I don't think he realized what he was getting into, it was 10 years of his life translating this. Because you have to go through every bloody calculation to check it. You have to go through every step. Last remark about this, and it's a capstone to things I said earlier.
I'm gonna show you other respects in which this book is difficult to read in just a moment. The reason I don't teach the book and just give it to you to read. I tried to make clear and I never did say it as well as I'm about to say it, what it was to be trained in doing mathematical astronomy.
I stressed it was to be able to do the calculations at this point in all three systems. In the Ptolemaic system, in the Tychonic system, and the Copernican system. But that's not quite the right description of it. A description that will make a better impression on you is what people would do is send in mail, problems to other people to work out.
Like within the Ptolemaic system, when will Jupiter and Saturn next be in In conjunction with one another? What's the shortest solution to yield the answer to that, okay? So what you were trained to do was problem solving in these systems, and they're three different sets of mathematics. They're related, but they're different.

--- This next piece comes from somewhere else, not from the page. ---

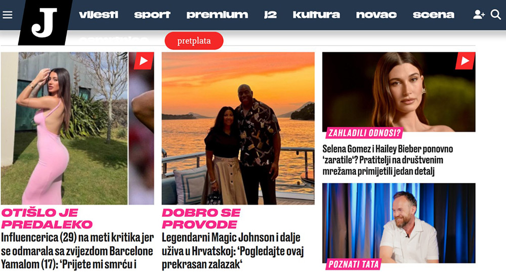 Slika 9. Naslovna stranica novinskog portala Jutarnji list, izabrani članci iz rubrike Scena, 20. lipnja 2025.
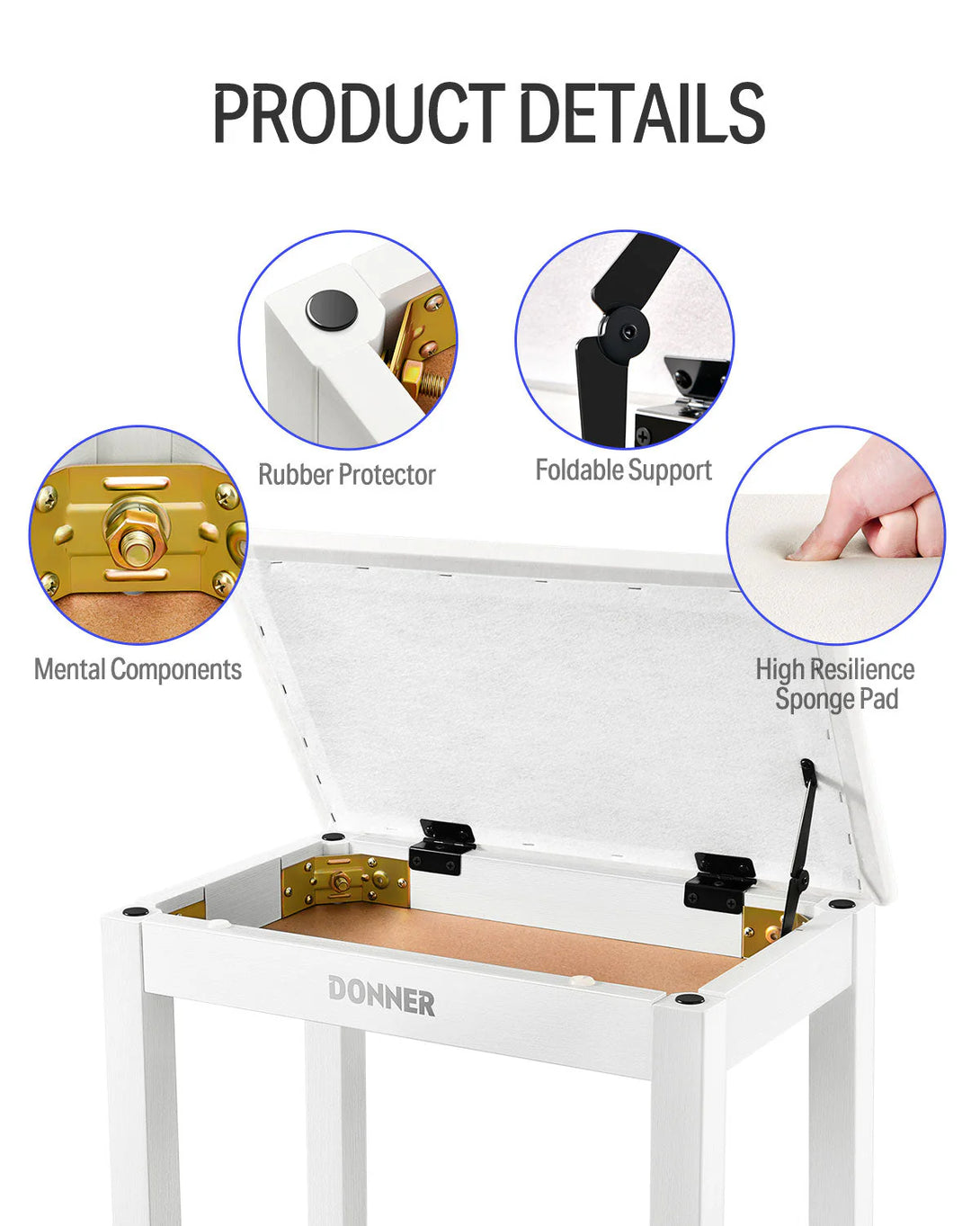 La Donner DKB-10 es una silla para piano diseñada para ofrecer comodidad, elegancia y practicidad. Su estructura resistente, su acabado refinado y su asiento acolchado la convierten en una excelente opción para acompañar pianos acústicos, pianos digitales o teclados en estudios, aulas o espacios de práctica en casa.

What Kepler does through this book is, for the first half of it, everywhere he does anything, he does it in all three systems to avoid making questions. So for you to read it, for me to read it, what I do is skip over a lot of the calculations for just that reason, and read the conclusions from it.
You really have to be adept at doing this kind of mathematics. And so I would be really quite punishing you. If we did a course on Astronomia Nova, half the semester would be spent learning to do problems within these systems, okay? That's just the problem. And nicely enough, Newton just doesn't pose the same difficulty.